FOREIGN MINISTER LAVROV: Thank you. And I believe that the protocol which we are about to sign, the protocol to the agreement on utilization of weapon-grade plutonium, the agreement of the year 2000, actually, signed at that time but not implemented because of some technical reasons – the protocol which we are signing today is going to remove those technical impediments and obstacles, and the agreement would be implemented in practical terms.
Thirty-four tons of plutonium, which the United States and Russia each would utilize, is a lot. It’s certainly a step in the direction of our shared goal of nuclear disarmament, because apart from actual limitations and reductions in nuclear strategic offensive arms, you need to do something about the plutonium which is released because of that process. And the event which you are witnessing here today is of – well, maybe not less important, but certainly it’s of very significant importance.

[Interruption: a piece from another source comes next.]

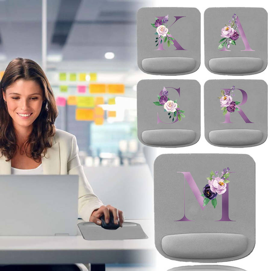 1pc Ergonomic Wrist Support Mouse Pad with Floral Letter Design - Square Gaming

And we would be doing this process, we would be doing these – implementing these obligations transparently, as the Secretary said, and in the way which would absolutely preclude military use of this plutonium in the future and which ensure its effective and safe usage for peaceful purposes to produce nuclear energy. And we certainly consider that this step is the contribution by the Russian Federation and the United States towards the implementation of Article Six of the Nonproliferation Treaty.
When this mechanism starts working, we expect its positive influence on the process of nonproliferation, including making the process of nuclear disarmament multilateral at some point, hopefully not very far from today. And this is what we believe is the significance of this event. To utilize 34 metric tons of plutonium in Russia, the Russian Government will spend approximately $2.5 billion and we are grateful to the United States for contributing to this program by providing up to $400 million for this particular program.
Thank you very much, and I join the Secretary in thanking the teams which negotiated this agreement.
MODERATOR: Secretary of State Clinton and Russian Foreign Minister Lavrov are signing the protocol to amend the 2000 agreement on the Management and Disposition of Plutonium No Longer Required for Defense Purposes.